Accumulo on Hortonworks Sandbox
Accumulo is not included in the Ambari installation so has to be manually installed. If you want to do some development with it the best starting place to get an instance up and running quickly is the Hortonworks Sandbox, however due to differences in installation procedures getting this working isn’t quite as straightforward as it could be.

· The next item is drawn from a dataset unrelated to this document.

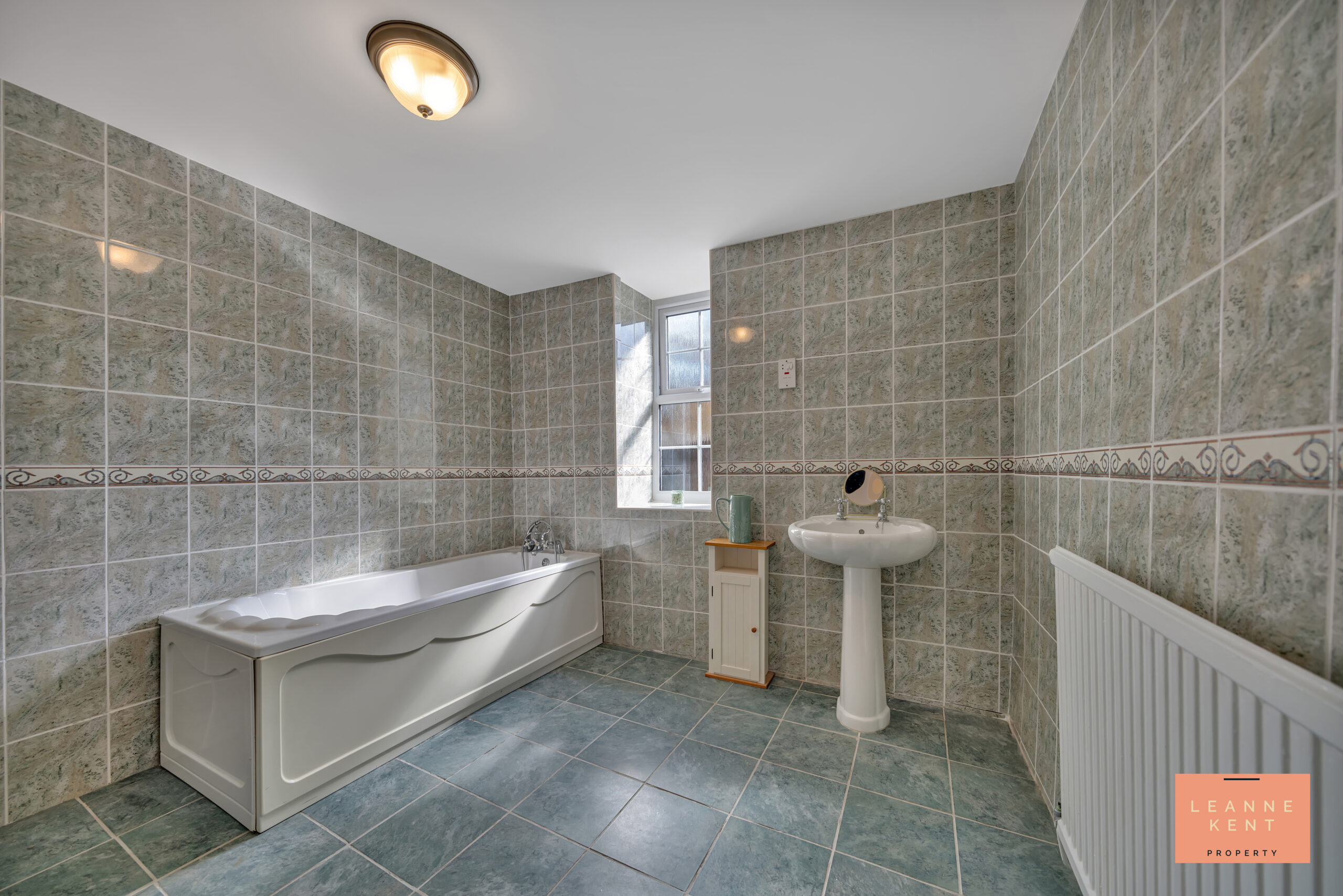 The ground-floor bathroom is located in the historic part of the building and supports the three bedrooms located close by. The room is finished with decorative floor and wall tiles. In one corner is a bath, and next to this is a hand basin. The room further benefits from a frosted window and a radiator.

Here are some notes on the procedure to help you on your way.
Prerequisites:
Download the Hortonworks Sandbox and start it in your virtual machine manager, I’m using VirtualBox here. Networking settings are quite important too, I set this to NAT so that the VM runs on a 10.0.2.0 network and management web pages are accessed on your host on the http://127.0.0.1/ address. This keeps everything simple and external repos can be accessed through the host internet connection.
- Sandbox address: http://127.0.0.1:8000/about/
- Ambari address: http://127.0.0.1:8080/
Go to the Ambari management page, login is admin/admin and verify that the processes that we need are up and running. That will be HDFS, MapReduce2, YARN and Zookeeper; I also like to start the Ambari Metrics and collector so that I can see the activity but its not required.
Procedure:
- Log in via ssh to the sandbox, login root/hadoop.
-
1yum install accumulo
- Accumulo is installed under (version numbers may differ), /usr/hdp/2.2.4.2-2/accumulo/
- Copy a configuration example set to the root config directory, select a configuration according to your memory constraints but they should always be a standalone set. e.g.
1cp /usr/hdp/2.2.4.2-2/accumulo/conf/examples/2GB/standalone/* /usr/hdp/2.2.4.2-2/accumulo/conf - Edit the file accumulo-env.sh and set the following variables accordingly.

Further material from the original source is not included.